▶ [YOUR TASK] Lines before the one containing "A solid 14k" are not copied; that line and every one after it, through the end of the material below, are printed exactly, without pictures.

▶ [DATASET CONTENT]
_ _ _ _ _ _ _

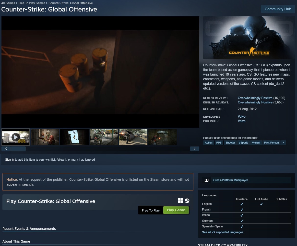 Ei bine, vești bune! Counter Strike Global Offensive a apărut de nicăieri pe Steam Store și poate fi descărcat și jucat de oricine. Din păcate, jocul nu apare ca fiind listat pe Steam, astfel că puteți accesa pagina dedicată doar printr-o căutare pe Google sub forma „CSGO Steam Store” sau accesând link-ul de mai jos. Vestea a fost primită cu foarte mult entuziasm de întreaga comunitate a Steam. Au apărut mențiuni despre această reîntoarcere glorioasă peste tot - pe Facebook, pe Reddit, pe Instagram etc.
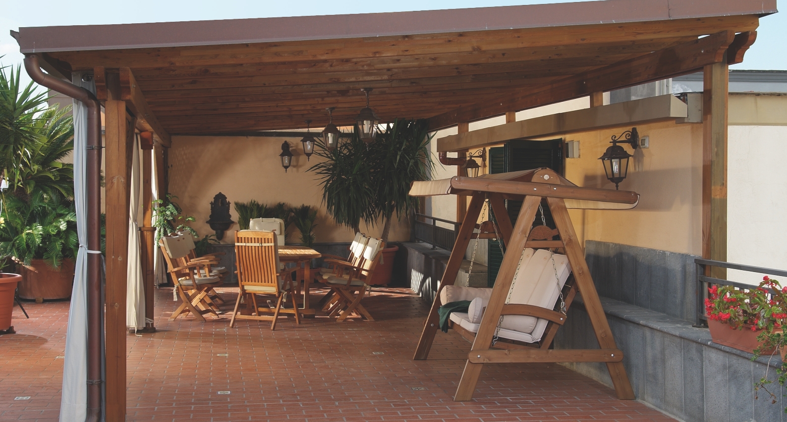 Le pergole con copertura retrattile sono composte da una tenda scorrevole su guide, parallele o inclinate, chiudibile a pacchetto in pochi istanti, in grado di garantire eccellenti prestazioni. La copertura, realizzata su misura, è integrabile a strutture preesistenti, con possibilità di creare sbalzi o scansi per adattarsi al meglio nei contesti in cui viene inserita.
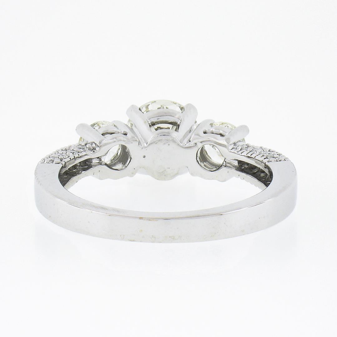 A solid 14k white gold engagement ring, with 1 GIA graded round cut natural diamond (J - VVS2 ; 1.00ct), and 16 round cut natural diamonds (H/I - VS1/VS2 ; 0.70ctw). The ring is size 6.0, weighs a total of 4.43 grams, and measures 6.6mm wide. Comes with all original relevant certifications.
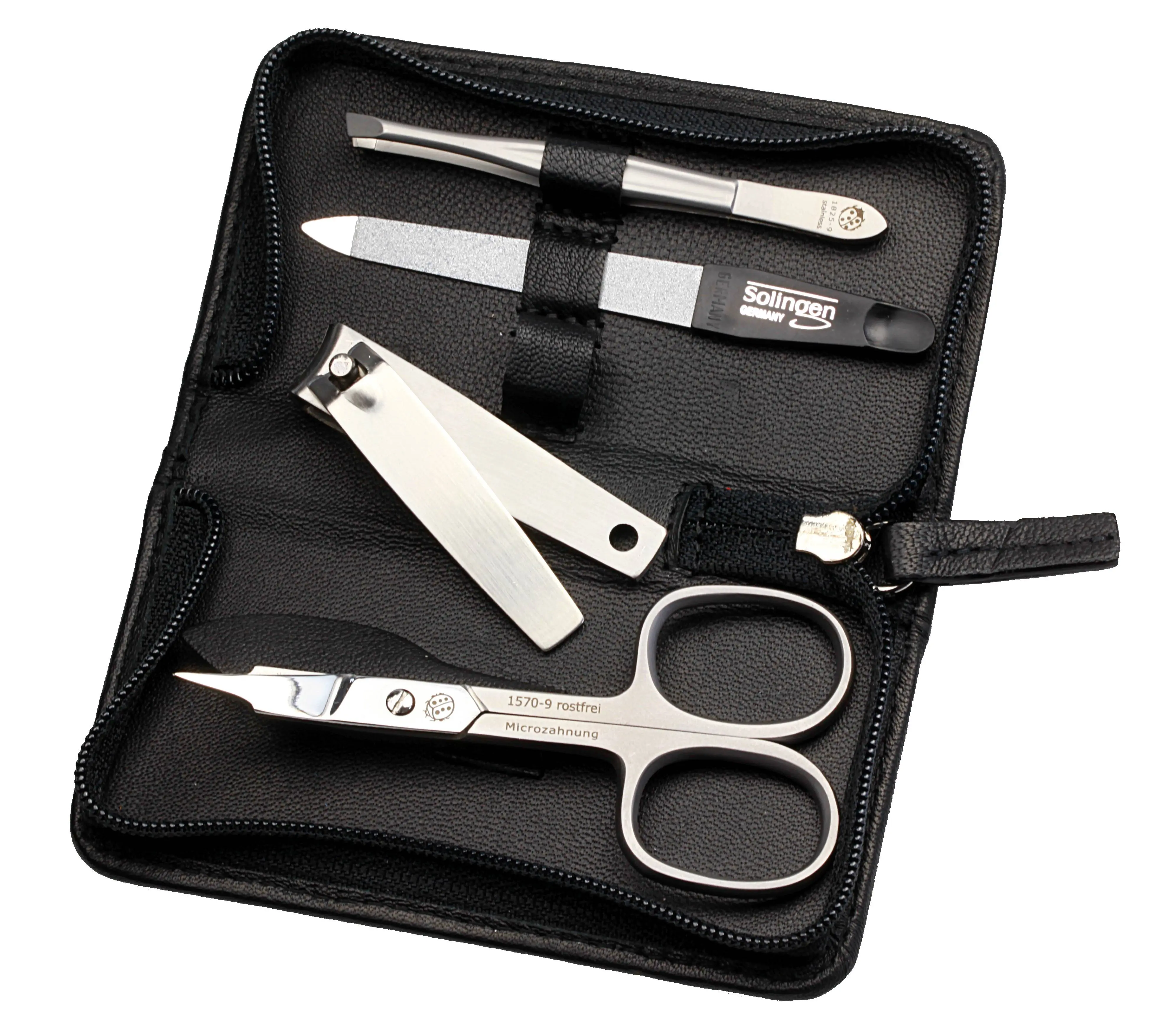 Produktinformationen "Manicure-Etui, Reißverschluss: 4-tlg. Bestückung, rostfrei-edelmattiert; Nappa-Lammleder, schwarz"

_ _ _ _ _ _ _

▶ [REPLY]
 A solid 14k white gold engagement ring, with 1 GIA graded round cut natural diamond (J - VVS2 ; 1.00ct), and 16 round cut natural diamonds (H/I - VS1/VS2 ; 0.70ctw). The ring is size 6.0, weighs a total of 4.43 grams, and measures 6.6mm wide. Comes with all original relevant certifications.
 Produktinformationen "Manicure-Etui, Reißverschluss: 4-tlg. Bestückung, rostfrei-edelmattiert; Nappa-Lammleder, schwarz"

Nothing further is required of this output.